### Data extracts:
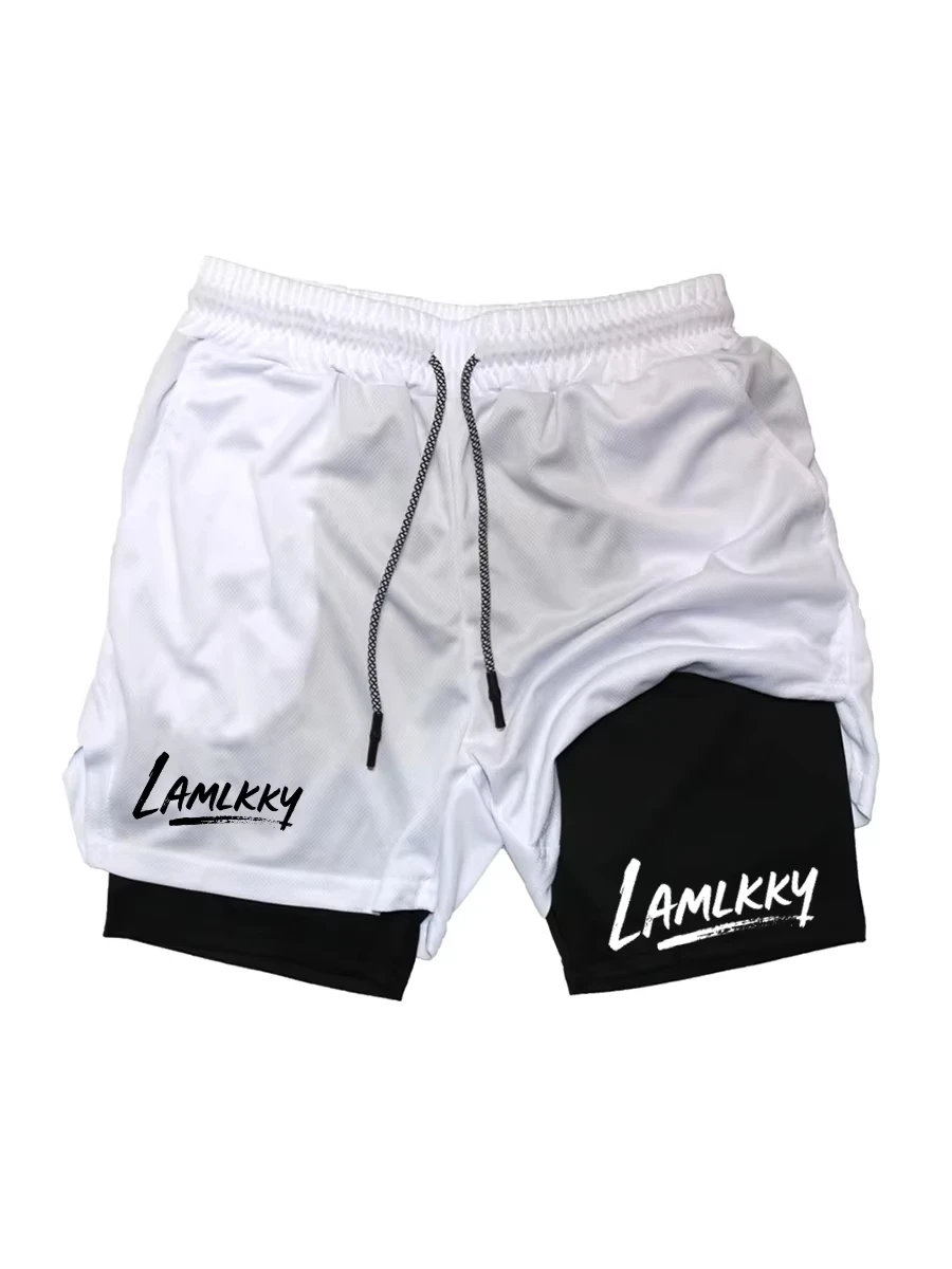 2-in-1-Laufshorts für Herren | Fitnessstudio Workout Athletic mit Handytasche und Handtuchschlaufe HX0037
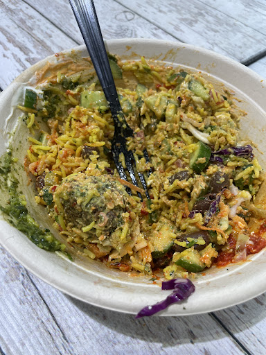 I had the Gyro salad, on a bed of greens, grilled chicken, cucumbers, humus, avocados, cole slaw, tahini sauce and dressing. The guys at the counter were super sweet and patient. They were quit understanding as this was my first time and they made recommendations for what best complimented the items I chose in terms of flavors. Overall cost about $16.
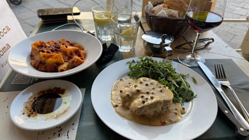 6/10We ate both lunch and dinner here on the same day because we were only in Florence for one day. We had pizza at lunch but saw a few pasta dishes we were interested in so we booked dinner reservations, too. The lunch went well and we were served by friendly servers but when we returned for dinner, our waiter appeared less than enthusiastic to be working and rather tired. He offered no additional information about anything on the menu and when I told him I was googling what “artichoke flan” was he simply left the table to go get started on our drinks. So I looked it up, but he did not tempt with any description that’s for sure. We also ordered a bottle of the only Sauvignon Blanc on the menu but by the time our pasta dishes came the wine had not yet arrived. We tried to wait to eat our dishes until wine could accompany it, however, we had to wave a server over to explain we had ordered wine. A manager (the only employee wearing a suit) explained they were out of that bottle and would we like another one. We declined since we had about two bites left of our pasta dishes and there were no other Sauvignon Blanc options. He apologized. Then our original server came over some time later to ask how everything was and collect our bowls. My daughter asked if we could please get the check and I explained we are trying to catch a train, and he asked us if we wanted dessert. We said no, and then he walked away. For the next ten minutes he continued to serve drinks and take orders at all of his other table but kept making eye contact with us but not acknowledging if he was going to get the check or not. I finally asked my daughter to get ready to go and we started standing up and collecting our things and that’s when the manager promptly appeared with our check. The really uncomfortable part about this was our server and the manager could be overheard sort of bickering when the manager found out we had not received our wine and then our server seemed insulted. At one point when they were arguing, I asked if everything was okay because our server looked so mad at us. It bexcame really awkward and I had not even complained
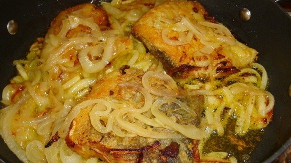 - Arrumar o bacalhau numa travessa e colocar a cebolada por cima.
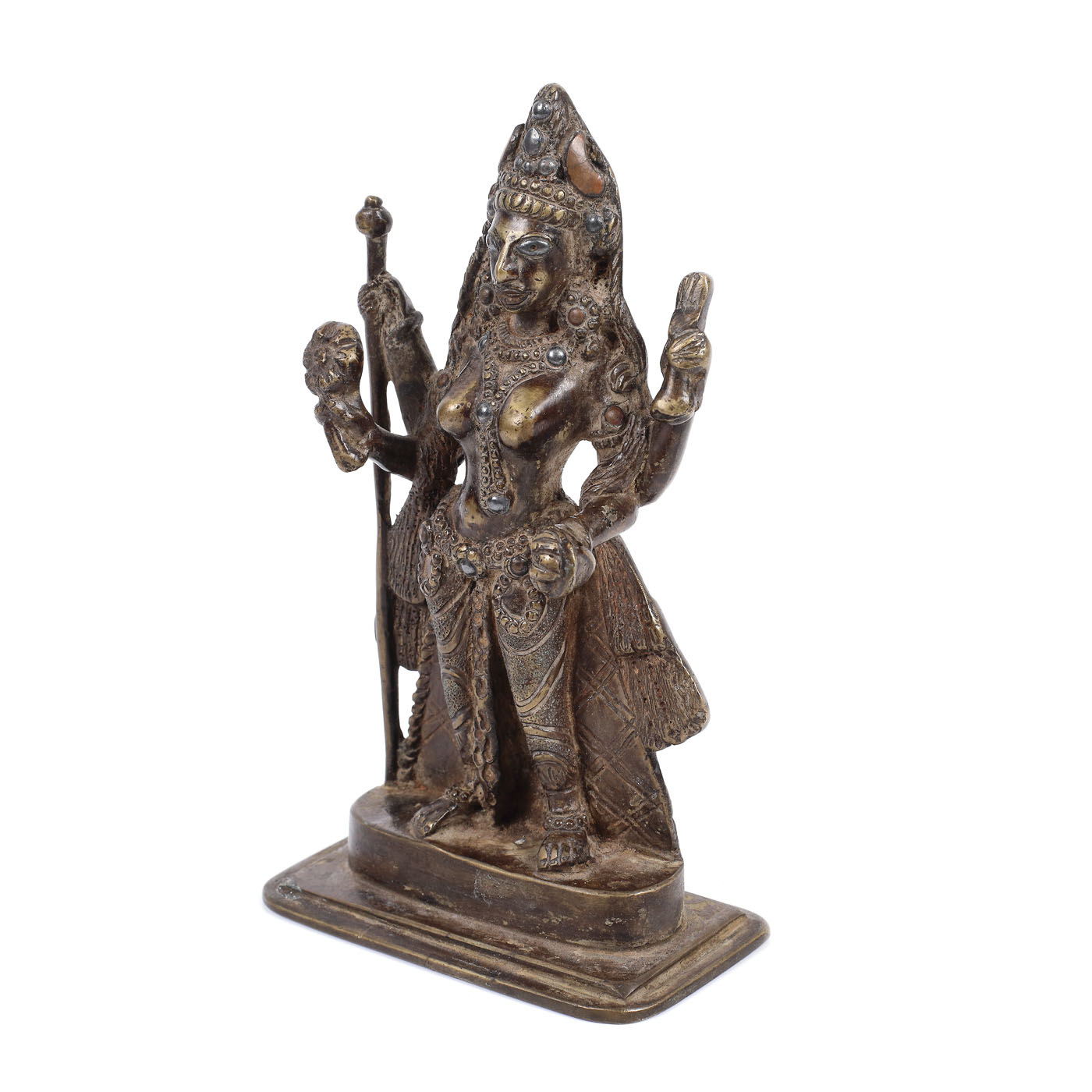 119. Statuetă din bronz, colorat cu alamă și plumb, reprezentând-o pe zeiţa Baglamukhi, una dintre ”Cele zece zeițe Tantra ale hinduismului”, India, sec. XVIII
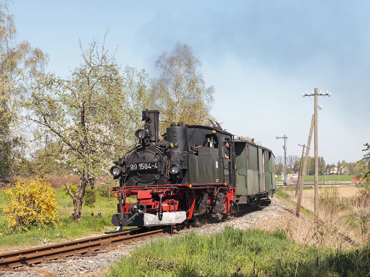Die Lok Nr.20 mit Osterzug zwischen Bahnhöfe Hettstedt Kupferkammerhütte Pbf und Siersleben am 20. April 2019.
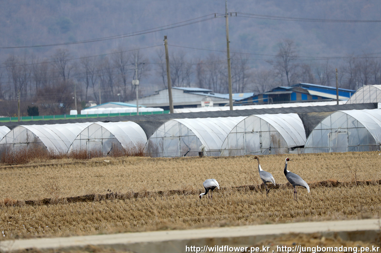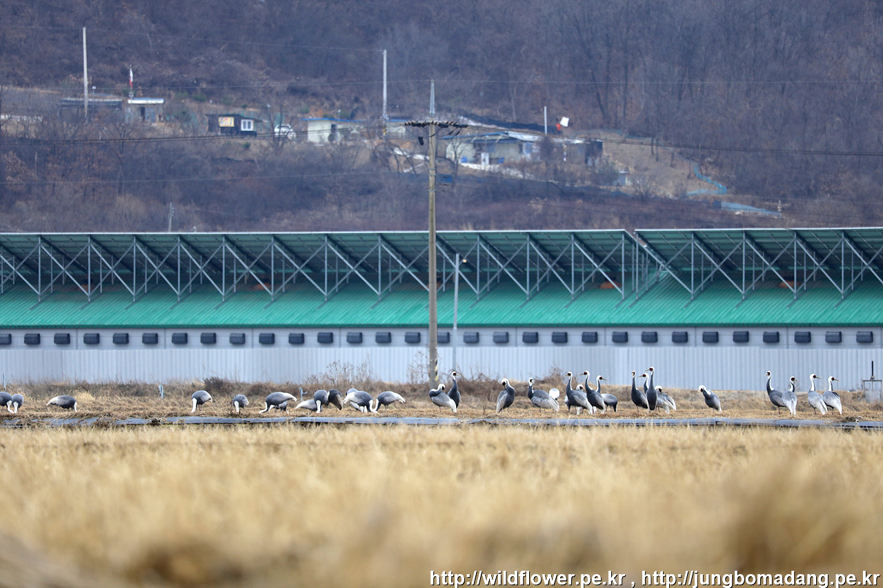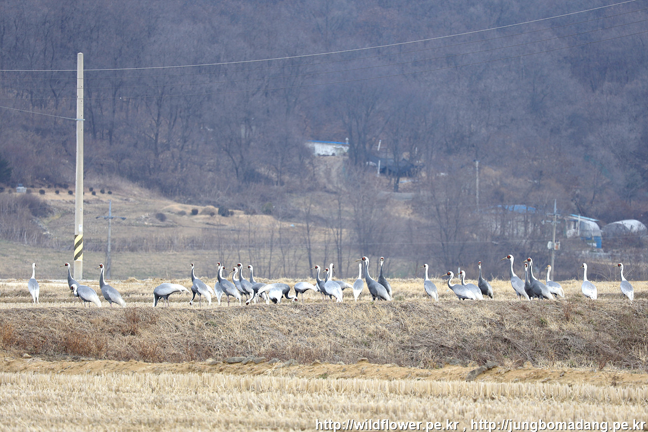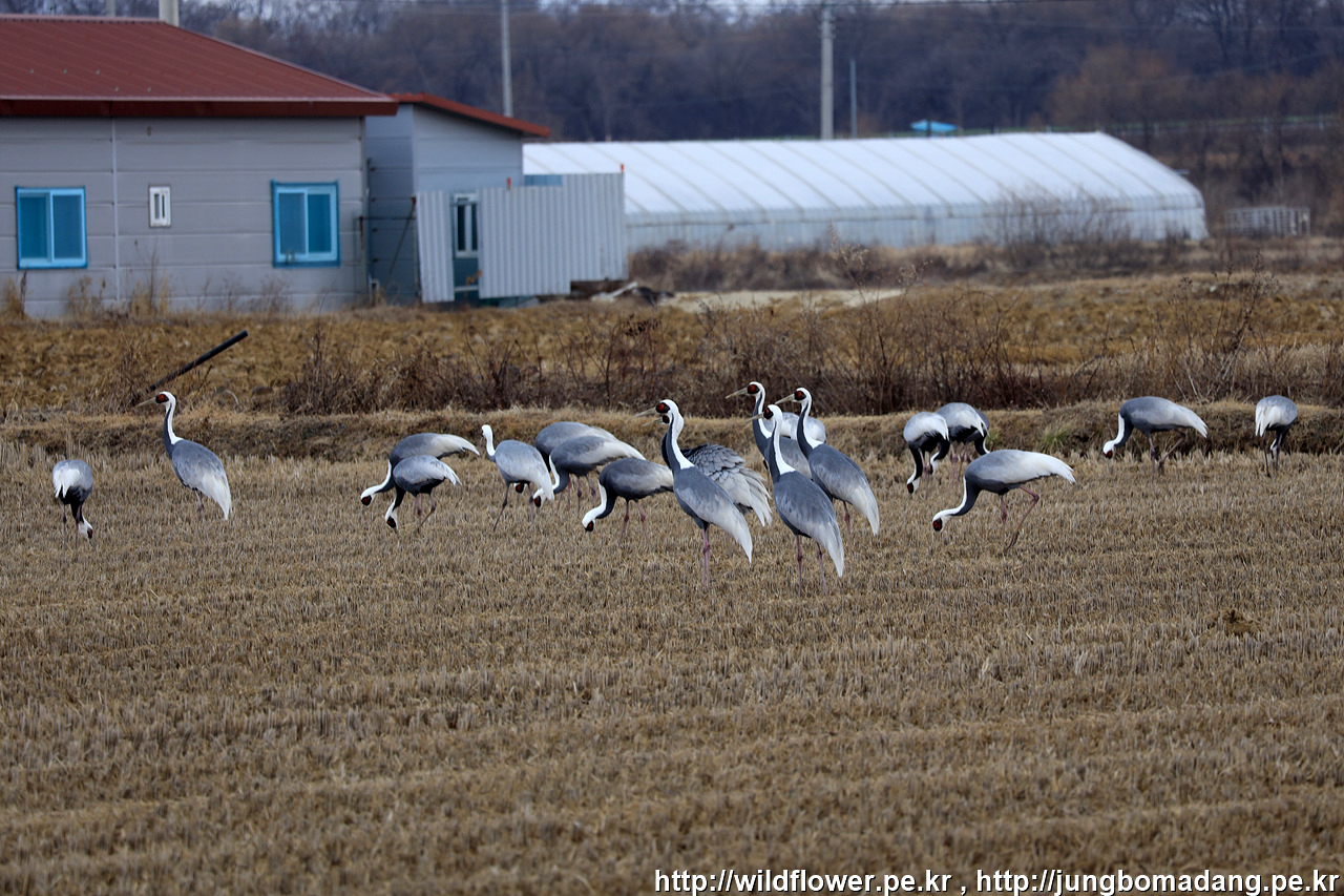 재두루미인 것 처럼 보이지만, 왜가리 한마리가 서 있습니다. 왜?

### What you are asked to do:
All lines from the one with "119. Statuetă din" through the end of the records above must be reproduced exactly, both ends included, and the pictures must be left out.

### Written solution:
 119. Statuetă din bronz, colorat cu alamă și plumb, reprezentând-o pe zeiţa Baglamukhi, una dintre ”Cele zece zeițe Tantra ale hinduismului”, India, sec. XVIII
Die Lok Nr.20 mit Osterzug zwischen Bahnhöfe Hettstedt Kupferkammerhütte Pbf und Siersleben am 20. April 2019.
 재두루미인 것 처럼 보이지만, 왜가리 한마리가 서 있습니다. 왜?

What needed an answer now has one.